Boundary Packet (BP)
A committed boundary specification BP whose BP_commit fixes: (i) scope constraints, (ii) assumptions, (iii) PASS/FAIL rule and checkset, and (iv) responsibility-trigger conditions. Without BP_commit, the protocol treats the output as non-actionable for non-retroactive accountability.
Non-retroactive evaluation
A protocol in which claims are actionable only when BP_commit and Response_commit exist and are linked by an append-only ledger chain; repudiation must be expressed as a committed RP (bounded or unbounded), preventing retroactive rewriting while preserving explicit responsibility under disagreement.

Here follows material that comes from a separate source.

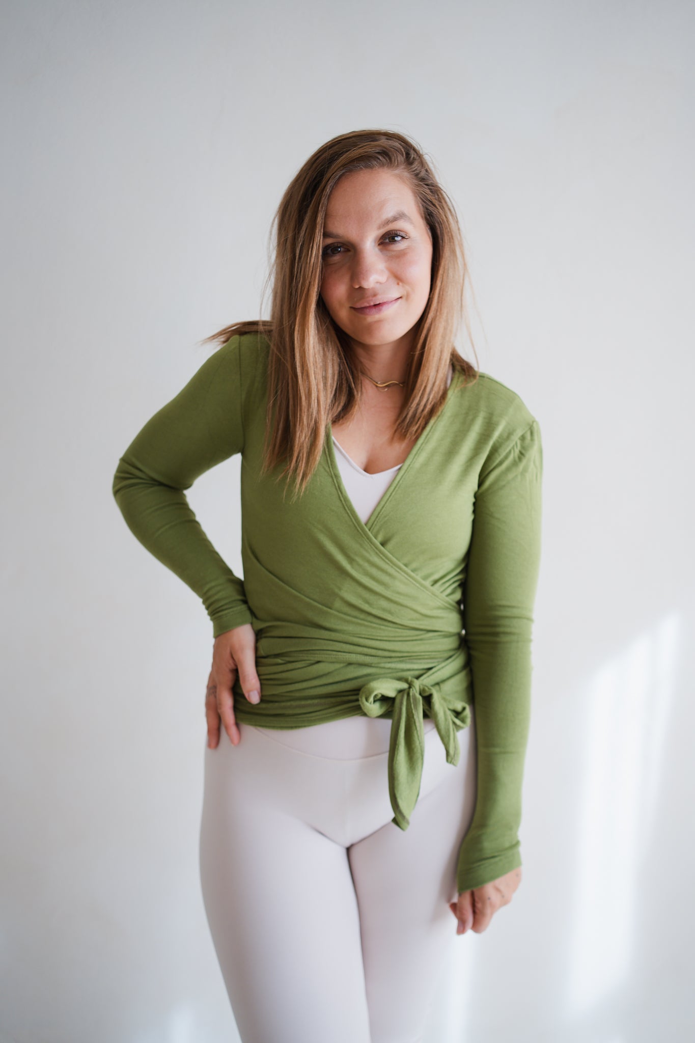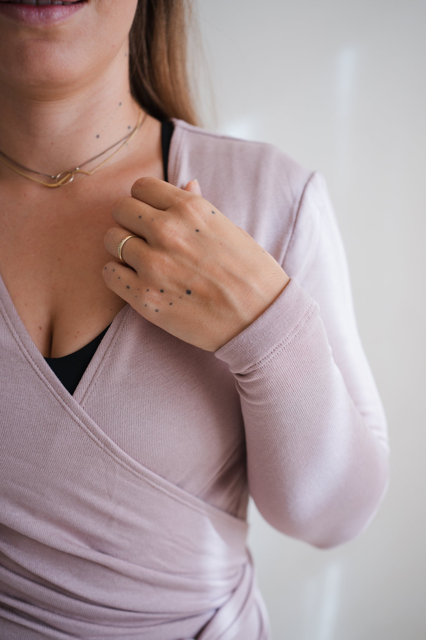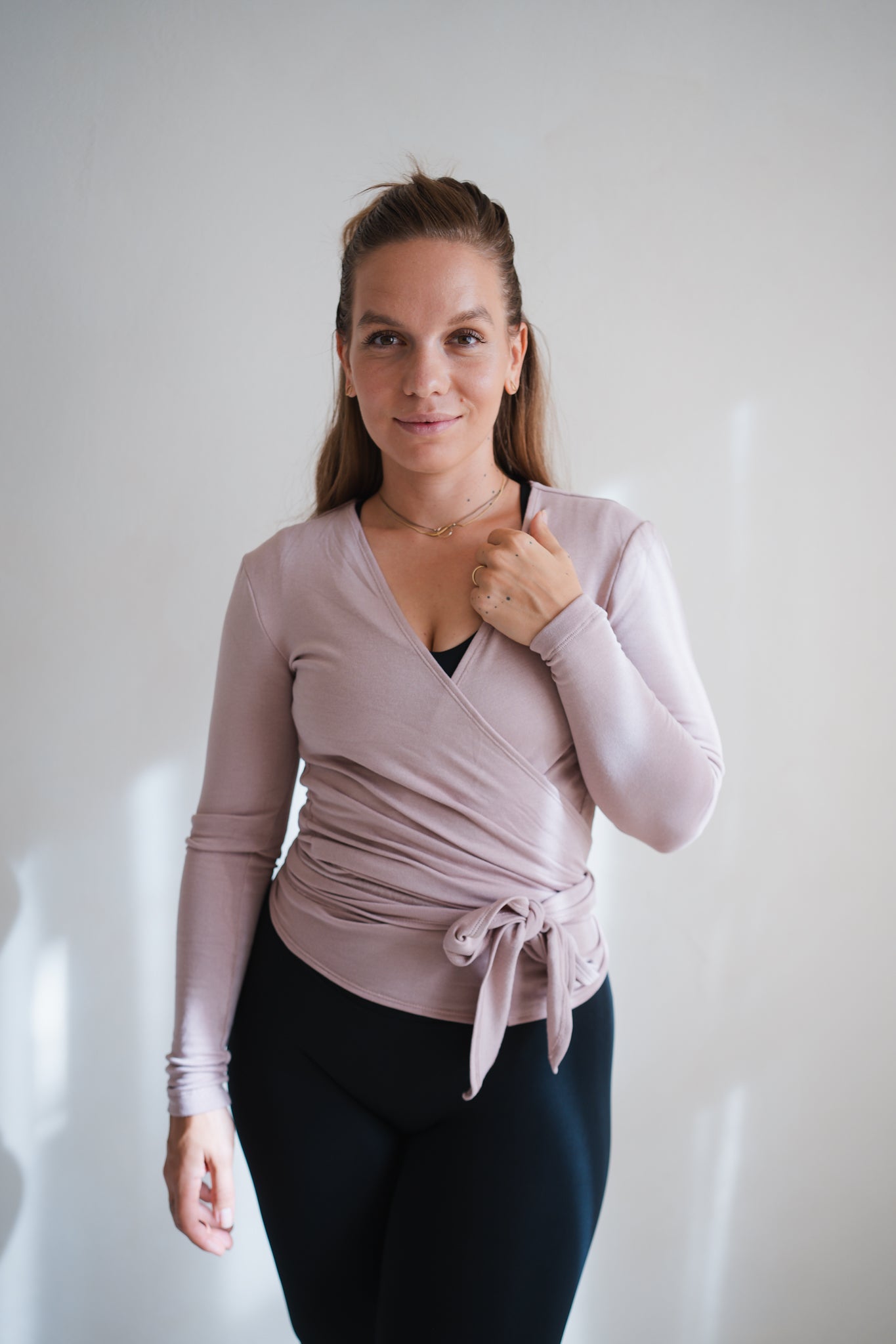 Bamboo Wrap AW jsme ušily ze stejného hebkého materiálu jako jeho letní sestřičku, jen jsme mu dali vyšší gramáž a počesaný povrch, aby tě zahřál v chladnějších dnech. Zůstává jeho ženský střih s překříženým zavinováním, které lichotí postavě a dovolí ti nastavit si hloubku výstřihu přesně podle sebe.

Rebuttal Packet (RPb) / Responsibility Residue
A structured repudiation artifact RP that is either (a) bounded: links BP_commit to BP_alt_commit and specifies adoption responsibility, or (b) unbounded: logged as "unbounded objection" (RP_unbounded_commit) that cannot invalidate the original decision artifact but fixes authorship and responsibility for the objection itself.
Accountability Boundary
A statement of scope, assumptions, and failure conditions that determines what the output can be held responsible for.
Inquiry Structure (QSI)
Operational score describing how explicitly a question declares objective, constraints, assumptions, checks, and accountability artifacts.
Accountability Traceability (ATS)
Operational score describing whether the response provides audit-ready structure: assumptions, boundaries, claim/support separation, checks, and failure conditions.